The total curl flowing through any surface equals the circulation around its boundary. It doesn't matter whether the surface is flat or curved - only the boundary matters.

From Green's to Stokes

Green's theorem has a circulation form that we've already seen. For a 2D vector field $\mathbf{u} = P\,\mathbf{i} + Q\,\mathbf{j}$ and a flat region $R$ bounded by a closed curve $C$:

$$\oint_C u_T\,ds = \iint_R \text{curl}_z\,\mathbf{u}\,dx\,dy = \iint_R \left(\frac{\partial Q}{\partial x} - \frac{\partial P}{\partial y}\right) dx\,dy$$

The left side measures the circulation - how much the field pushes you along $C$. The right side measures the total rotational tendency inside $R$.

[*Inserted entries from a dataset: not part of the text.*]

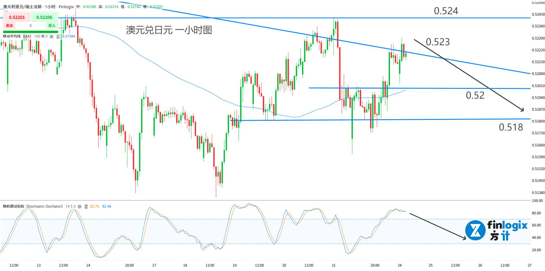 技术面: 100均线微微向上,澳瑞已经有筑底迹象,不过上方还未完全摆脱趋势线和前高点压制。因此可以考虑高位做空,现价位置已经出现随机指标超买区死叉信号,空单入场可以考虑0.523-0.524区间。但如果突破0.525则说明汇率已经转为上涨趋势。
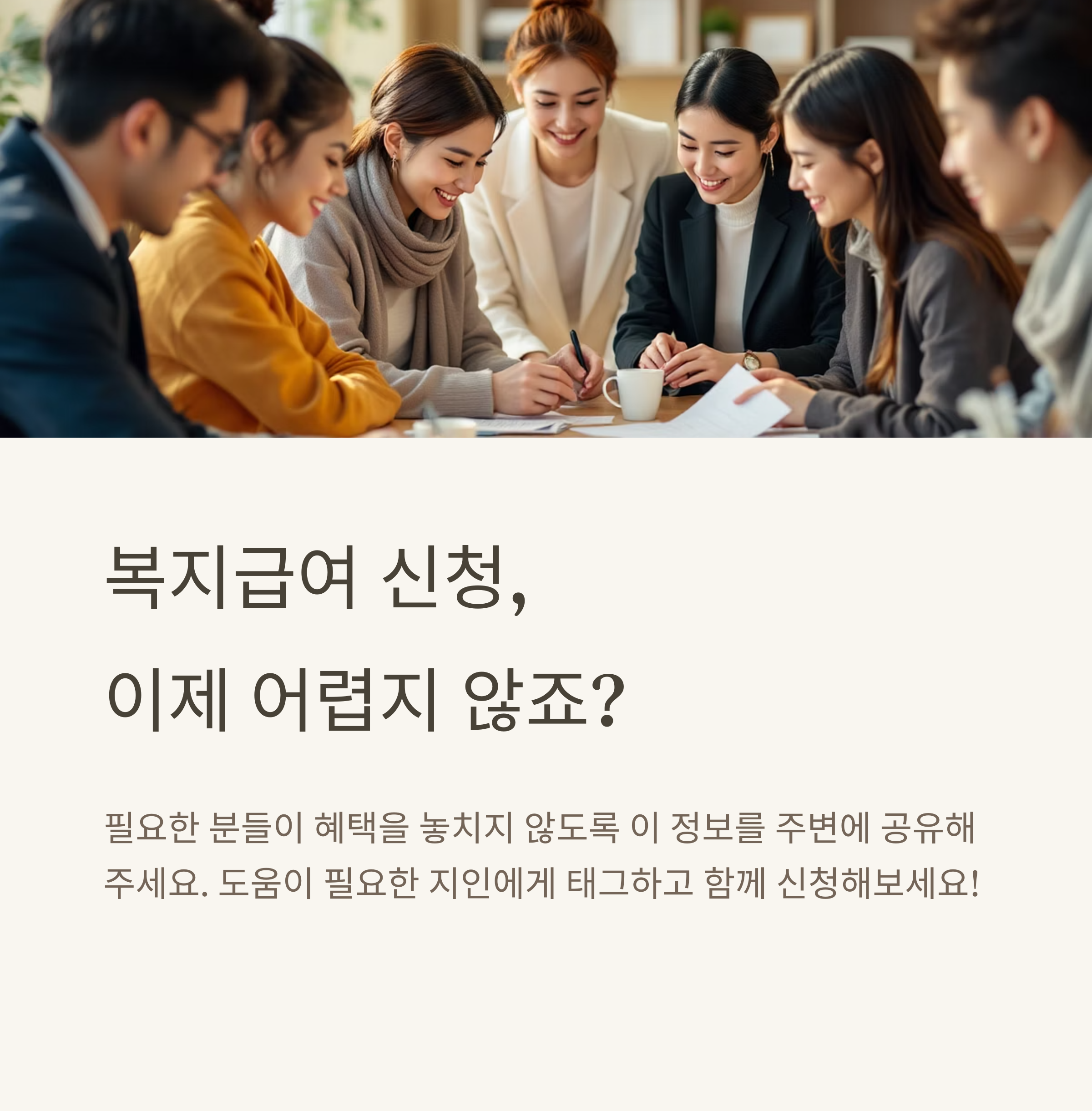 중요 요약: 복지 신청은 자격 확인 → 신청 → 심사 → 결과 통보 → 수급 시작의 순서입니다
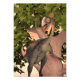 3D digitale Darstellung eines Dinosaurier-Gigantoraptors auf einem roten Himmel und einem grünen Baumhintergrund
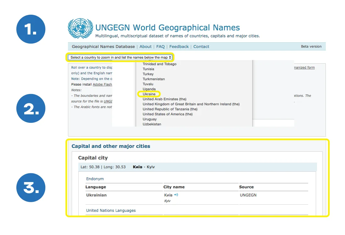 Представители инициативы #KyivnotKiev отметили: проверить то, что правильное название таки Kyiv, можно в частности на сайте Группы экспертов ООН по географическим названиям.
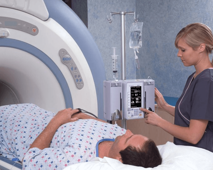 Die Pumpe eignet sich sowohl als Einzel- als auch als Doppelpumpe – für den Einsatz mit Infusionsflaschen und Perfusorspritzen. Ihre benutzerfreundliche Steuerung ermöglicht es dem medizinischen Personal, alle Einstellungen bequem und sicher vom MRT-Kontrollraum aus vorzunehmen – ohne Unterbrechung der Untersuchung.
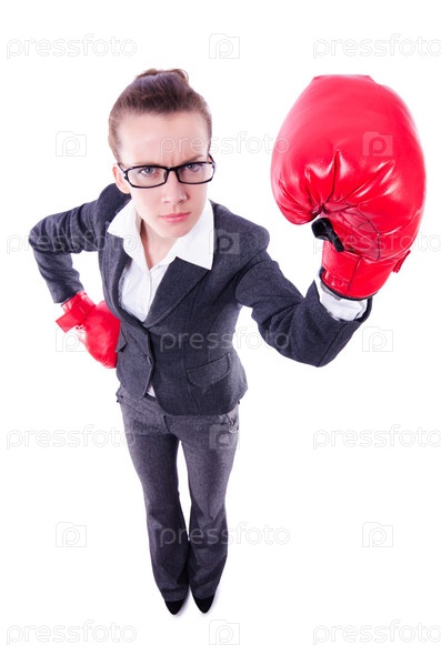 Женщина с боксерскими перчатками на белом
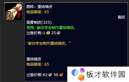 3、需要花费5金购买,物品等级为65,需要制皮325,使用后学会制作重结缔皮。
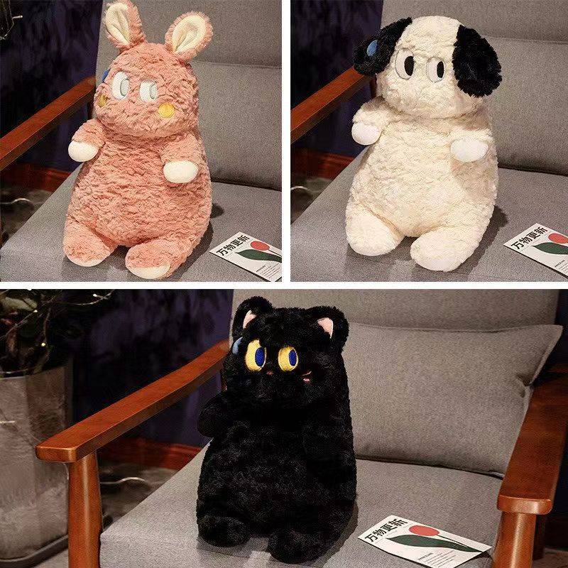 可爱呆萌流汗大眼仔狗公仔大眼猫咪兔子玩偶毛绒玩具女友生日礼物
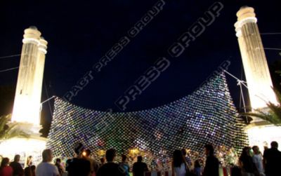 Огледалото има размери 14,4 на 4,8 метра. Цялата инсталация тежи около 100 кг. Преди да бъде окачена на колоните, тя е тествана за издръжливост.
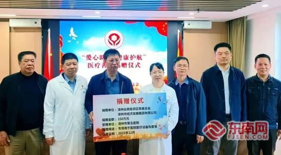 东南网漳州12月25日讯(通讯员 戴莉莉 文/图)12月24日上午,漳州台商投资区举行“爱心助医·健康护航”医疗善款捐赠仪式。台商投资区卫健与疾控中心、慈善总会、经发集团、城市运营集团、资产运营集团、产业集团共同向漳州市第五医院颁发“150万元医疗设备购置款”的捐赠牌,助力台商投资区医疗服务水平再上新台阶。 漳州市第五医院院长周雪丽在致辞中对台商区各部门的善举表达了感谢。她说,此次捐赠是推动医院医疗升级的“助推器”,通过硬件赋能,为后续技术提升和服务优化奠定了基础。医院在接收捐赠后,还将进一步强化技术培训、优化服务流程,推动诊疗能力跃升,让台商区及周边百姓享受更优质高效的医疗服务。

Now imagine $C$ is a curve in 3D space, not necessarily lying in a plane. It bounds some surface $S$ - think of a soap film stretched across a wire loop. The surface could be flat, curved, or wildly warped. Stokes's theorem says the same relationship holds, with the full 3D curl replacing the scalar $\text{curl}_z$:

Green's (2D, flat)

$$\oint_C u_T\,ds = \iint_R \text{curl}_z\,\mathbf{u}\,dA$$

Stokes (3D, any surface)

$$\oint_C \mathbf{u}\cdot d\mathbf{r} = \iint_S (\text{curl}\,\mathbf{u}\cdot\mathbf{n})\,d\sigma$$

Green's theorem is just Stokes with $S$ taken as a flat region in the $xy$-plane and $\mathbf{n} = \mathbf{k}$.

Stokes's Theorem

Let $S$ be a piecewise smooth oriented surface whose boundary $C$ is a piecewise smooth simple closed curve, directed in accordance with the orientation of $S$ (right-hand rule: curl fingers in the direction of $C$, thumb points along $\mathbf{n}$). Let $\mathbf{u} = L\,\mathbf{i} + M\,\mathbf{j} + N\,\mathbf{k}$ have continuous differentiable components. Then:

$$\oint_C \mathbf{u}\cdot d\mathbf{r} = \iint_S (\text{curl}\,\mathbf{u}\cdot\mathbf{n})\,d\sigma$$

In component form:

$$\oint_C L\,dx + M\,dy + N\,dz = \iint_S \left(\frac{\partial N}{\partial y} - \frac{\partial M}{\partial z}\right) dy\,dz + \left(\frac{\partial L}{\partial z} - \frac{\partial N}{\partial x}\right) dz\,dx + \left(\frac{\partial M}{\partial x} - \frac{\partial L}{\partial y}\right) dx\,dy$$

The orientation convention matters: the direction of $C$ must match the choice of normal $\mathbf{n}$ on $S$ via the right-hand rule. Reversing either $C$ or $\mathbf{n}$ flips the sign.

Surface Independence

Here's one of the most beautiful consequences. Suppose two different surfaces $S_1$ and $S_2$ share the same boundary curve $C$ and are oriented to induce the same direction on $C$. Stokes says both give the same surface integral of curl:

$$\iint_{S_1} (\text{curl}\,\mathbf{u}\cdot\mathbf{n})\,d\sigma = \oint_C \mathbf{u}\cdot d\mathbf{r} = \iint_{S_2} (\text{curl}\,\mathbf{u}\cdot\mathbf{n})\,d\sigma$$

Why? Because both equal the same line integral around $C$. We can also prove it directly: $S_1$ and $S_2$ together form a closed surface $S = S_1 \cup (-S_2)$ bounding some solid $R$. By the Divergence Theorem:

$$\iint_S \text{curl}\,\mathbf{u}\cdot\mathbf{n}\,d\sigma = \iiint_R \text{div}(\text{curl}\,\mathbf{u})\,dV = 0$$

since $\text{div}(\text{curl}\,\mathbf{u}) = 0$ is one of our fundamental identities from §3.6. So the integral over $S_1$ must equal the integral over $S_2$.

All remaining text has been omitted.